▶ Your task
Below are records to repeat exactly. Omit the pictures from the copy.

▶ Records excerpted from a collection
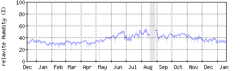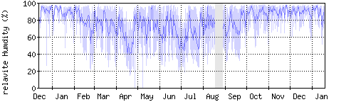 Der blaue Graph zeigt relative Feuchtigkeit. |
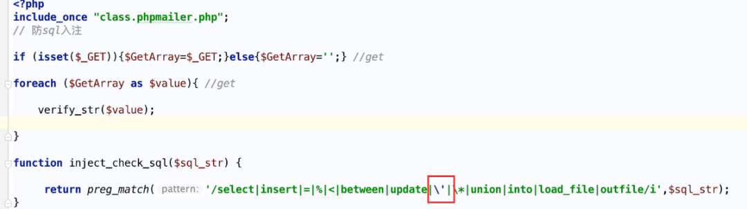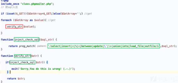 2)contorl.php:对$_GET进行全局过滤危险的SQL函数。
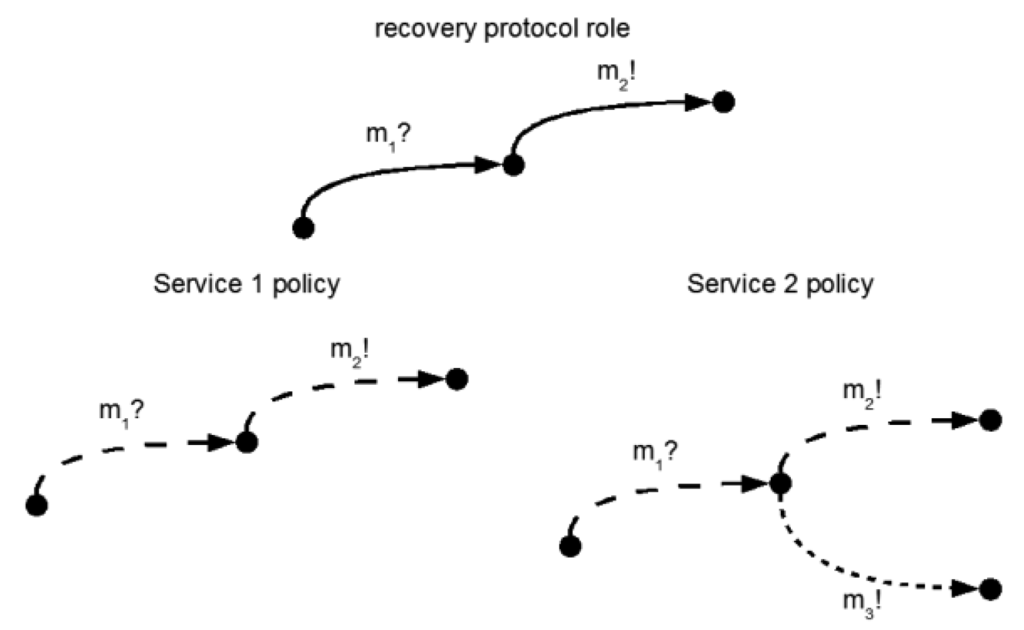 Figure 6 gives an example for one of the service interactions for recovering from a failed service, m? represents incoming messages, m! outgoing messages.
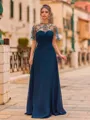 A glamorous A-line prom dress crafted from flowing chiffon, adorned with delicate beading for a subtle sparkle. The scoop neckline and short sleeves add a touch of elegance, while the sweep-train silhouette creates a graceful, eye-catching look perfect for making a stylish entrance.
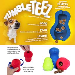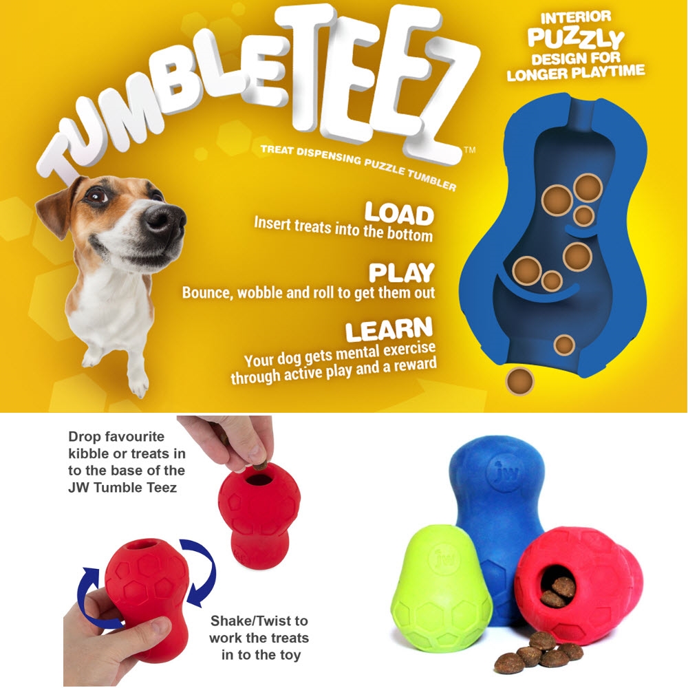 Tumble Teez är tillverkad i giftfri gummi och är en godisdispenser. Designad för torrfoder, våtfoder och godis.
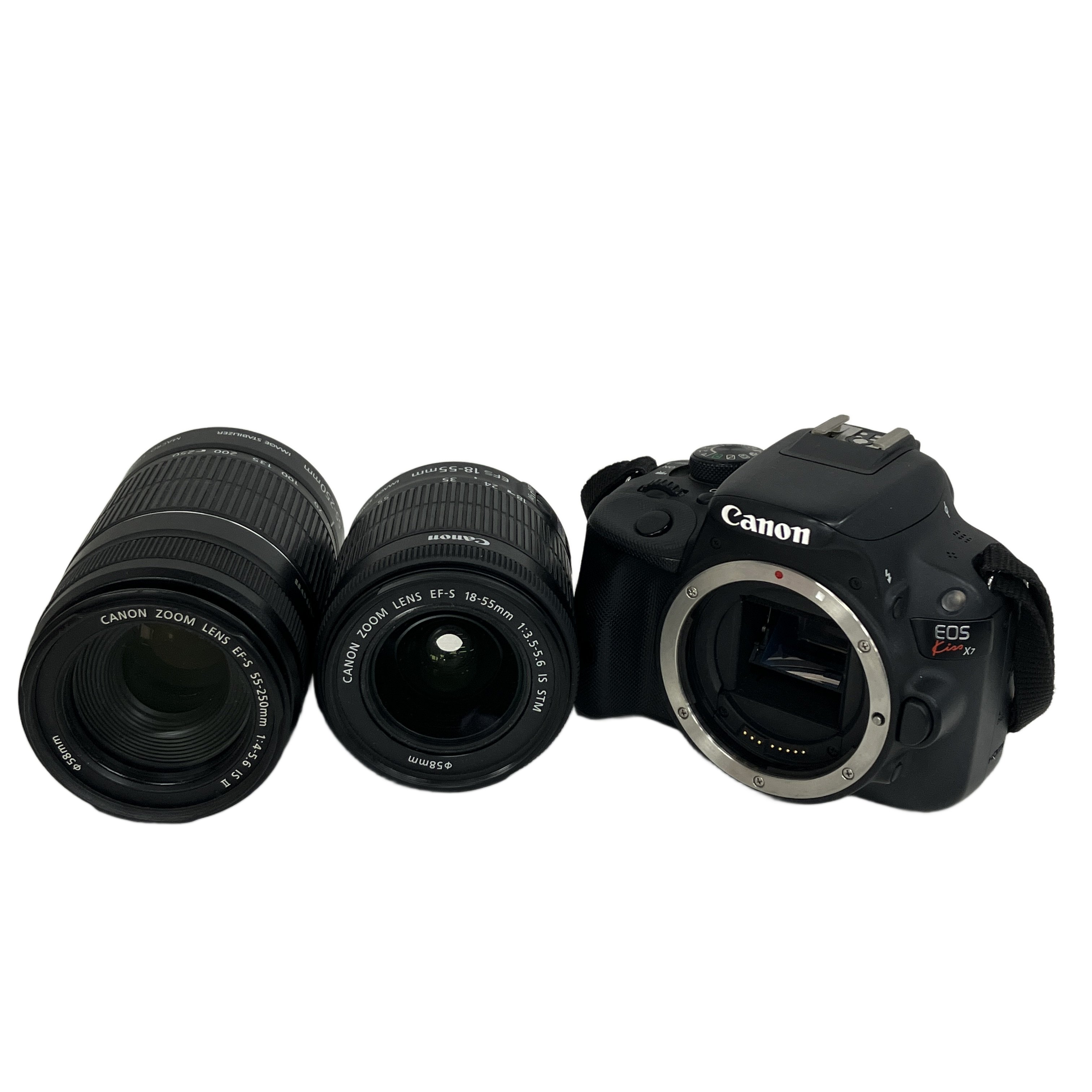 Canon EOS Kiss X7 ZOOM LENS EF-S 18-55mm 55-250mm デジタル 一眼 レフ カメラ ダブル ズーム レンズ キット キャノン 中古
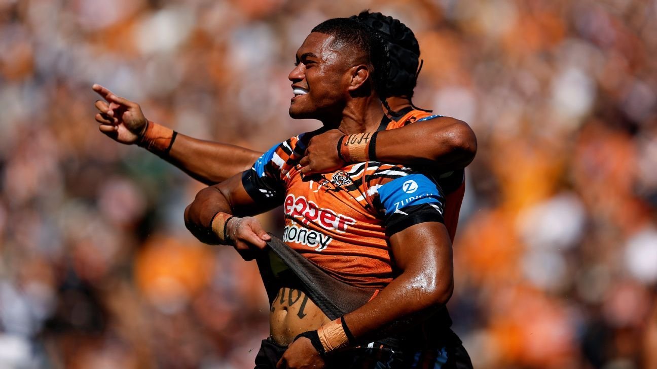 Jarome Luai had three try assists and Kai Pearce-Paul scored twice on club debut, with the Tigers racing to a 28-2 half-time lead and never looking back.
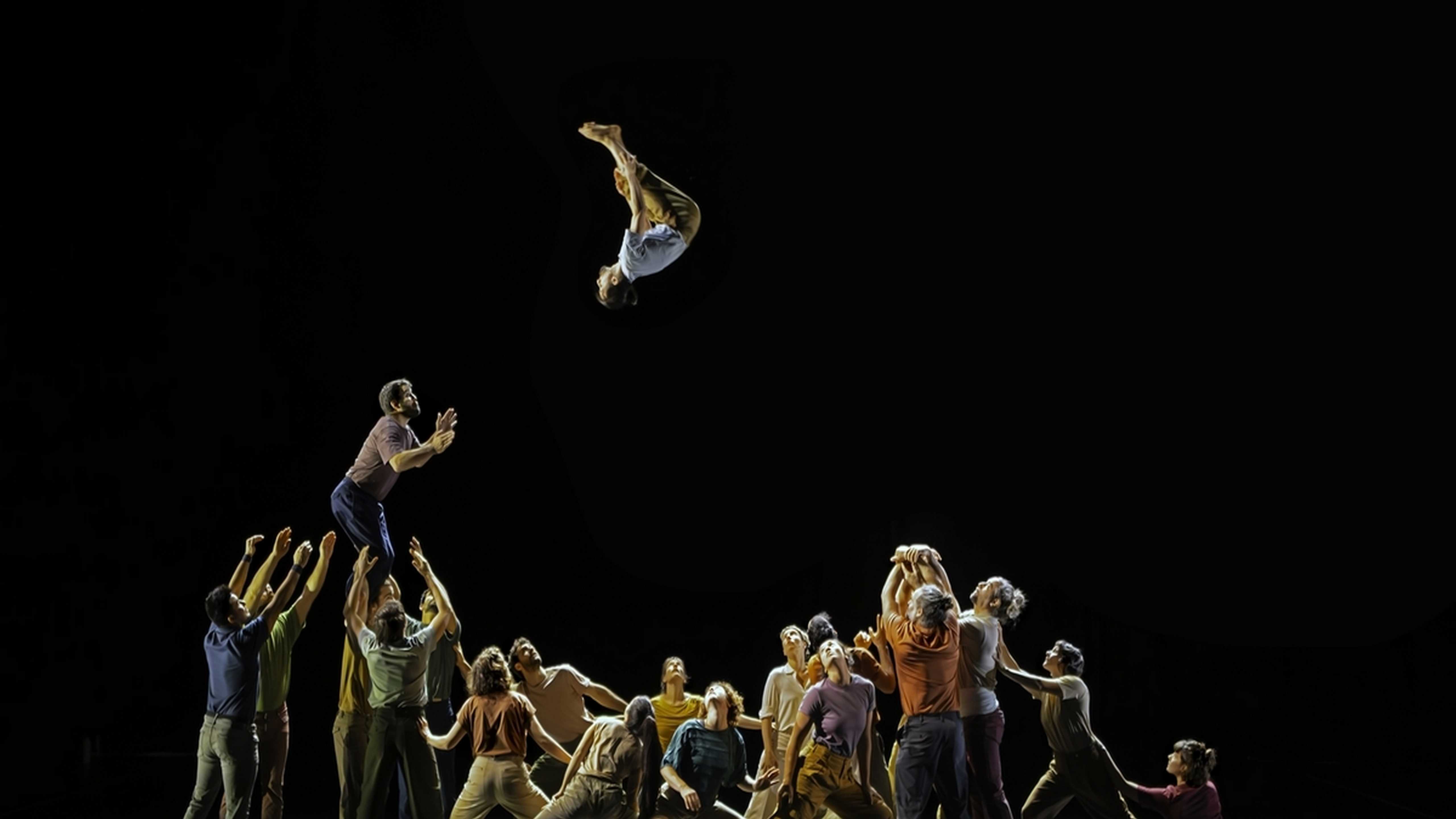 Avez-vous déjà contemplé un paysage de montagnes sculptées dans des corps en équilibre ? Sauriez-vous distinguer le ressac des vagues provoqué par le souffle d’une troupe d’acrobates lancée en plein course ? Tissée de tableaux animés et poétiques, la nouvelle création du collectif XY, invitée au FAB 2025 s’éprouve tous sens aux aguets. Guidés par la voix de deux chanteuses, jouant avec les éclats de lumière, les artistes se métamorphosent et épousent les rythmes de la nature dans une sidérante symbiose, tout en souffle, en équilibre et en vibrations.
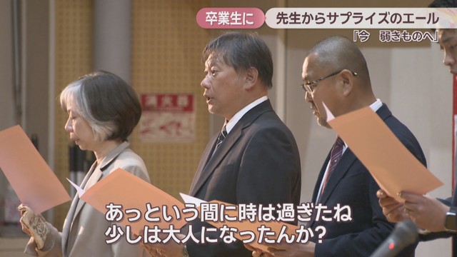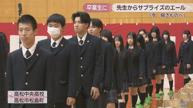 3月2日の卒業式を前に2月27日、高松市の高校で先生から3年生にサプライズのエールが送られました。
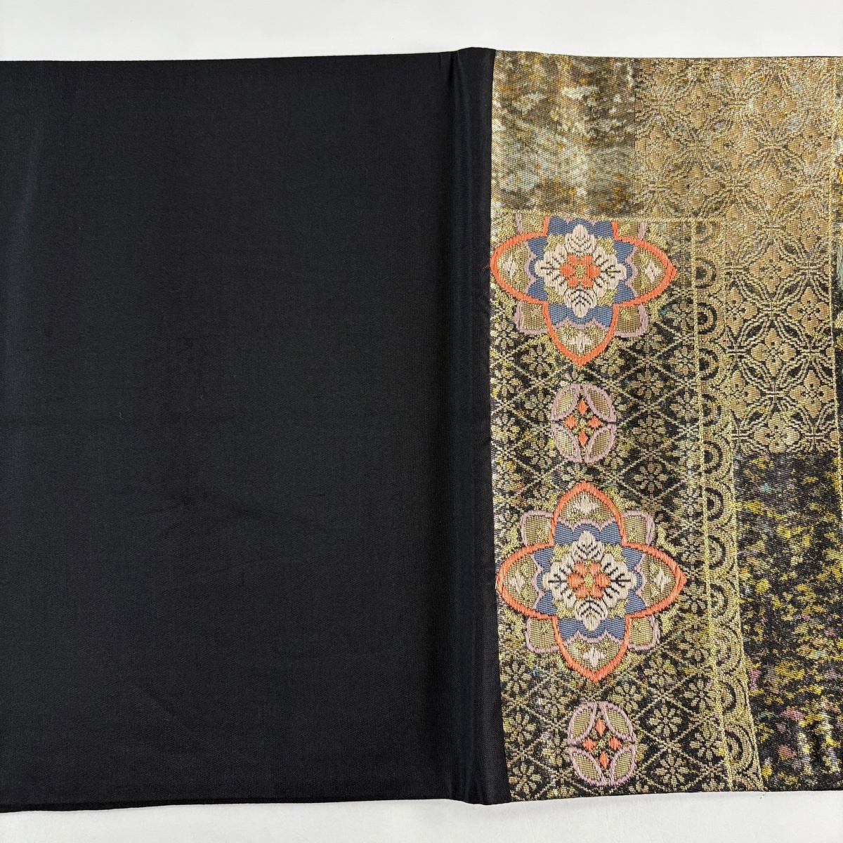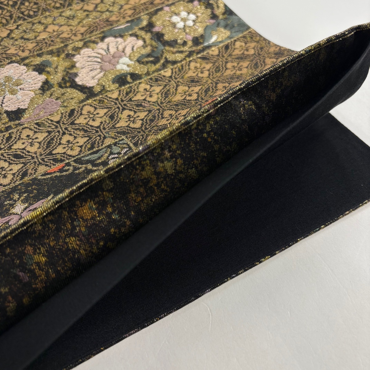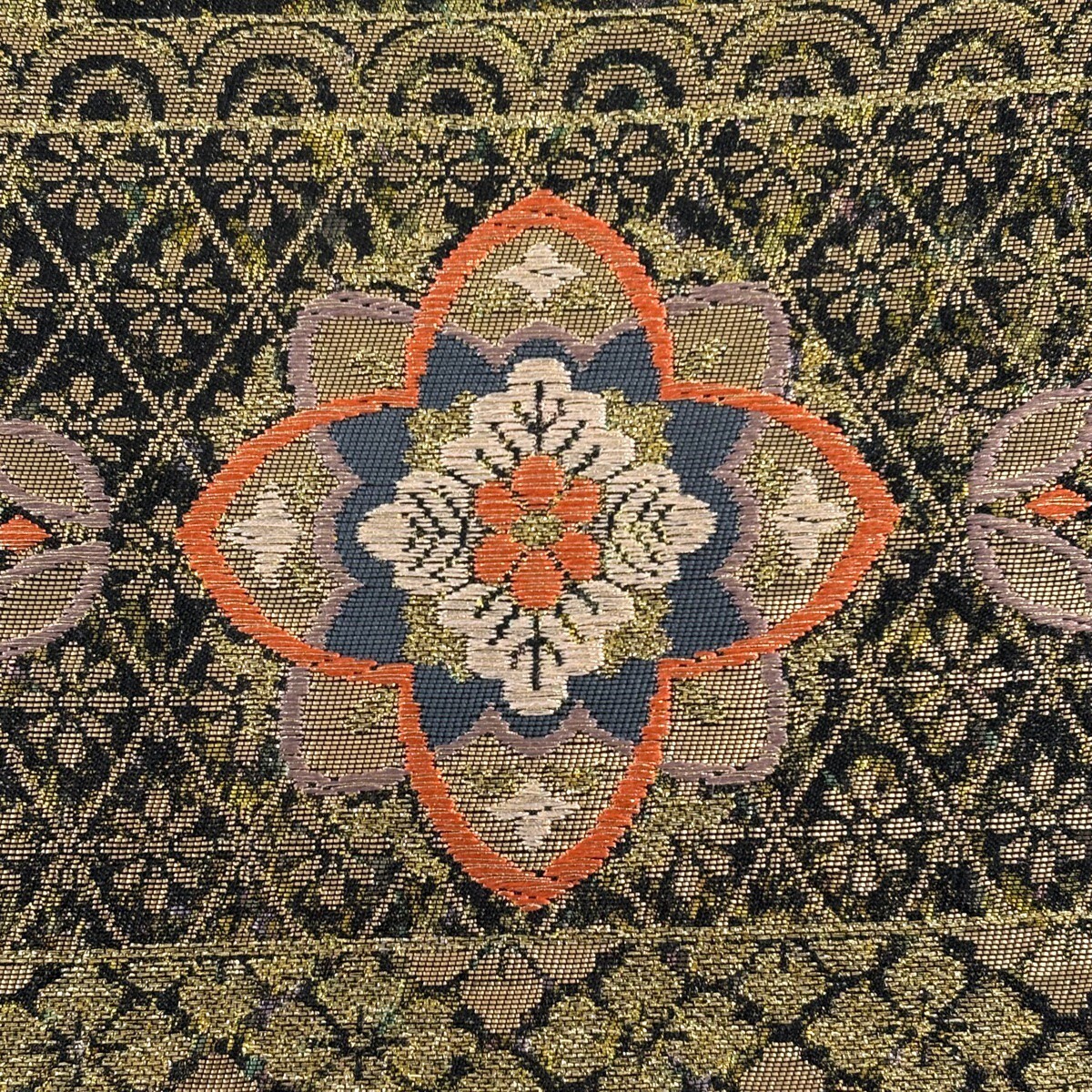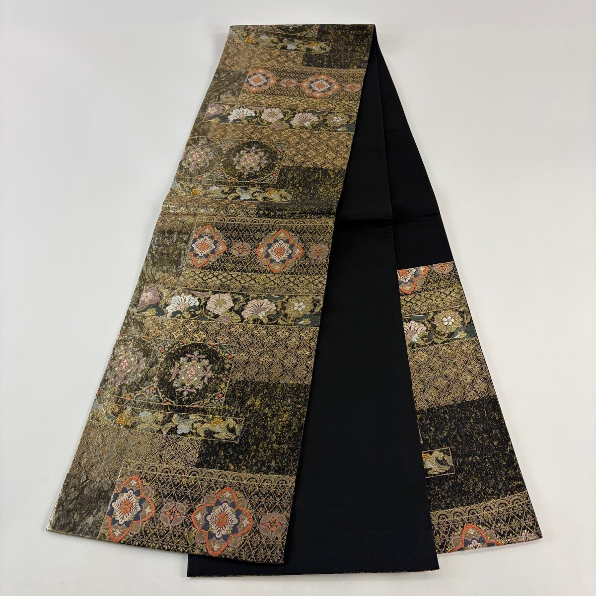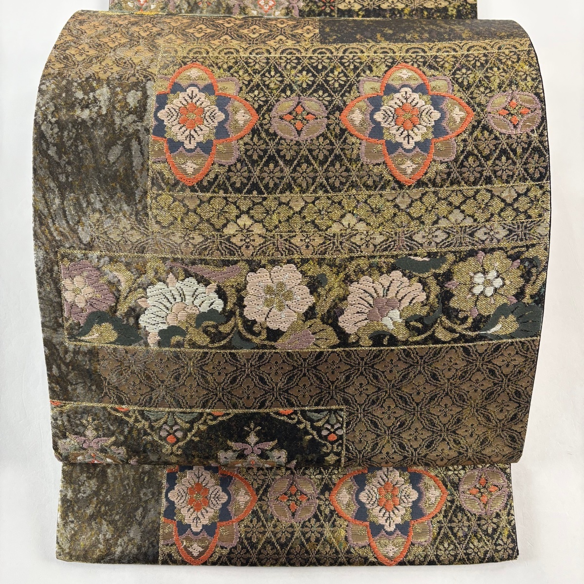 | 袋帯 美品 秀品 草花 七宝 金糸 箔 焦茶色 六通 正絹 【中古】 |

▶ Task solution
 Der blaue Graph zeigt relative Feuchtigkeit. |
 2)contorl.php:对$_GET进行全局过滤危险的SQL函数。
 Figure 6 gives an example for one of the service interactions for recovering from a failed service, m? represents incoming messages, m! outgoing messages.
 A glamorous A-line prom dress crafted from flowing chiffon, adorned with delicate beading for a subtle sparkle. The scoop neckline and short sleeves add a touch of elegance, while the sweep-train silhouette creates a graceful, eye-catching look perfect for making a stylish entrance.
 Tumble Teez är tillverkad i giftfri gummi och är en godisdispenser. Designad för torrfoder, våtfoder och godis.
 Canon EOS Kiss X7 ZOOM LENS EF-S 18-55mm 55-250mm デジタル 一眼 レフ カメラ ダブル ズーム レンズ キット キャノン 中古
 Jarome Luai had three try assists and Kai Pearce-Paul scored twice on club debut, with the Tigers racing to a 28-2 half-time lead and never looking back.
 Avez-vous déjà contemplé un paysage de montagnes sculptées dans des corps en équilibre ? Sauriez-vous distinguer le ressac des vagues provoqué par le souffle d’une troupe d’acrobates lancée en plein course ? Tissée de tableaux animés et poétiques, la nouvelle création du collectif XY, invitée au FAB 2025 s’éprouve tous sens aux aguets. Guidés par la voix de deux chanteuses, jouant avec les éclats de lumière, les artistes se métamorphosent et épousent les rythmes de la nature dans une sidérante symbiose, tout en souffle, en équilibre et en vibrations.
 3月2日の卒業式を前に2月27日、高松市の高校で先生から3年生にサプライズのエールが送られました。
 | 袋帯 美品 秀品 草花 七宝 金糸 箔 焦茶色 六通 正絹 【中古】 |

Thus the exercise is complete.